━━━━━ EXERCISE DATA

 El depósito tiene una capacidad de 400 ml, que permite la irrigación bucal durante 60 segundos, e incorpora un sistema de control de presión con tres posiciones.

━━━━━━━━━━
━━━━━ EXERCISE DATA

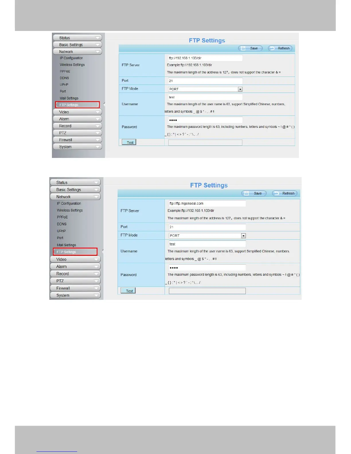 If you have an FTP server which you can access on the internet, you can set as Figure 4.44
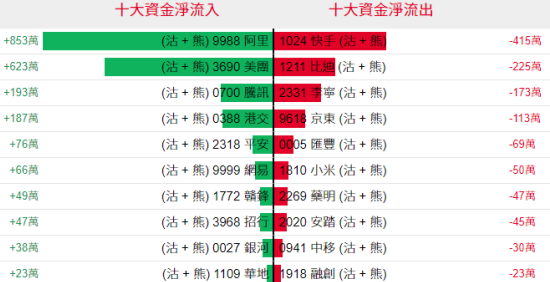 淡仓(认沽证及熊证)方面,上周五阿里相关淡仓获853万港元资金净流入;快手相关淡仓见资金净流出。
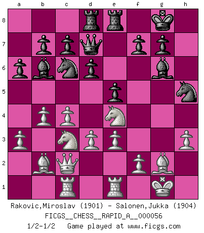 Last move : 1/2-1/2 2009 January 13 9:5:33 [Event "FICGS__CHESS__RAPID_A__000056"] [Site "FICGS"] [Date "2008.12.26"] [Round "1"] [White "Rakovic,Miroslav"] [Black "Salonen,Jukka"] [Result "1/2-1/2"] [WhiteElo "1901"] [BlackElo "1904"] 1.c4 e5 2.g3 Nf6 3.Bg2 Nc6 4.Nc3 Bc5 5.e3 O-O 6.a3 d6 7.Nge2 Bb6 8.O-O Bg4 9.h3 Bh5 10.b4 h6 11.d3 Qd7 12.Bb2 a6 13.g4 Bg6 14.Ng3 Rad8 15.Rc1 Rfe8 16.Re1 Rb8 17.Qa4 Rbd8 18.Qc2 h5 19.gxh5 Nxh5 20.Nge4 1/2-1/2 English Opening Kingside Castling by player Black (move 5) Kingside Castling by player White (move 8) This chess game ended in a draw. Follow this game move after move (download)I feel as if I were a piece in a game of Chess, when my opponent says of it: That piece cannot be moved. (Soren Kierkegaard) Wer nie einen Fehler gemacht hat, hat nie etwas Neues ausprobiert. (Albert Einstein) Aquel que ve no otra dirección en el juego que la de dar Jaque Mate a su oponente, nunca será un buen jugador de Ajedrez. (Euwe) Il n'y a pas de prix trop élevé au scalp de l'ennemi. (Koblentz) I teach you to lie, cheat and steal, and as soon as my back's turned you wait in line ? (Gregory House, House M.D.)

━━━━━━━━━━
━━━━━ EXERCISE DATA

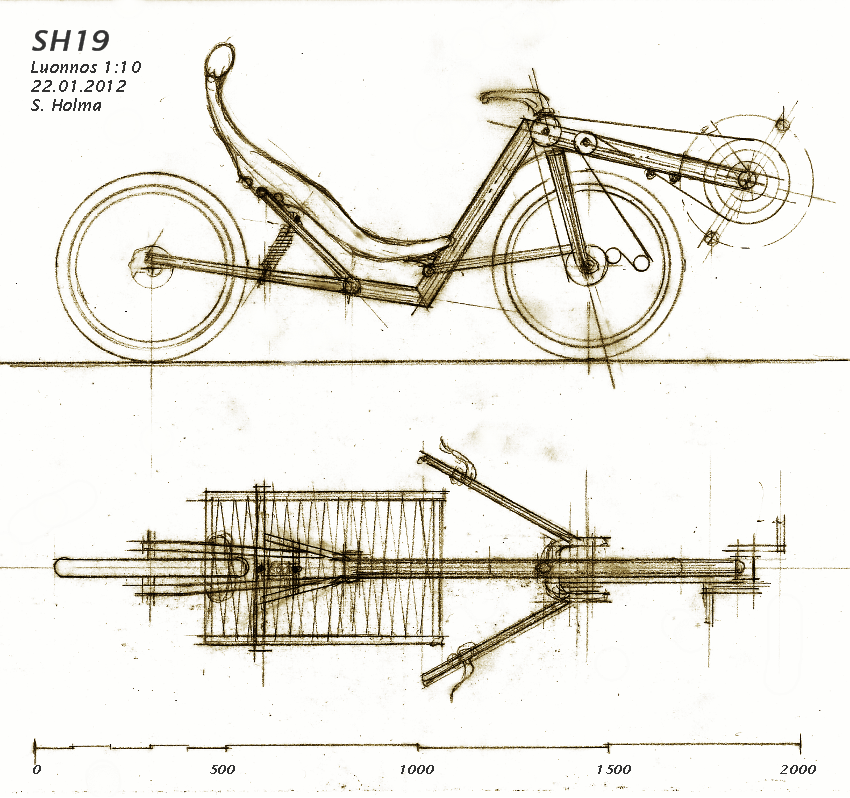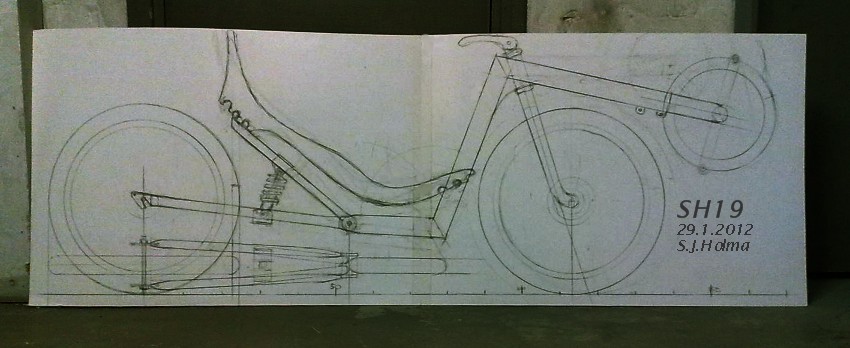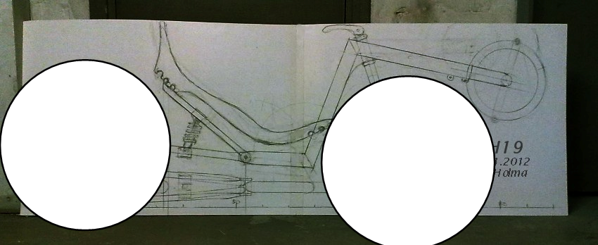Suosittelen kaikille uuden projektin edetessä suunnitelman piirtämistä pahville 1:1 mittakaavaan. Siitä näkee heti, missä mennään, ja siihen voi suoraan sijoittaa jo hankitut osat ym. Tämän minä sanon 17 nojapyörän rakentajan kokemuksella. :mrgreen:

━━━━━━━━━━

Reproduce the listing above exactly from the line containing "If you have" up to and including the line containing "Last move : 1/2-1/2", omitting any images and everything outside those lines.

» **EXPECTED ANSWER**
 If you have an FTP server which you can access on the internet, you can set as Figure 4.44
 淡仓(认沽证及熊证)方面,上周五阿里相关淡仓获853万港元资金净流入;快手相关淡仓见资金净流出。
 Last move : 1/2-1/2 2009 January 13 9:5:33 [Event "FICGS__CHESS__RAPID_A__000056"] [Site "FICGS"] [Date "2008.12.26"] [Round "1"] [White "Rakovic,Miroslav"] [Black "Salonen,Jukka"] [Result "1/2-1/2"] [WhiteElo "1901"] [BlackElo "1904"] 1.c4 e5 2.g3 Nf6 3.Bg2 Nc6 4.Nc3 Bc5 5.e3 O-O 6.a3 d6 7.Nge2 Bb6 8.O-O Bg4 9.h3 Bh5 10.b4 h6 11.d3 Qd7 12.Bb2 a6 13.g4 Bg6 14.Ng3 Rad8 15.Rc1 Rfe8 16.Re1 Rb8 17.Qa4 Rbd8 18.Qc2 h5 19.gxh5 Nxh5 20.Nge4 1/2-1/2 English Opening Kingside Castling by player Black (move 5) Kingside Castling by player White (move 8) This chess game ended in a draw. Follow this game move after move (download)I feel as if I were a piece in a game of Chess, when my opponent says of it: That piece cannot be moved. (Soren Kierkegaard) Wer nie einen Fehler gemacht hat, hat nie etwas Neues ausprobiert. (Albert Einstein) Aquel que ve no otra dirección en el juego que la de dar Jaque Mate a su oponente, nunca será un buen jugador de Ajedrez. (Euwe) Il n'y a pas de prix trop élevé au scalp de l'ennemi. (Koblentz) I teach you to lie, cheat and steal, and as soon as my back's turned you wait in line ? (Gregory House, House M.D.)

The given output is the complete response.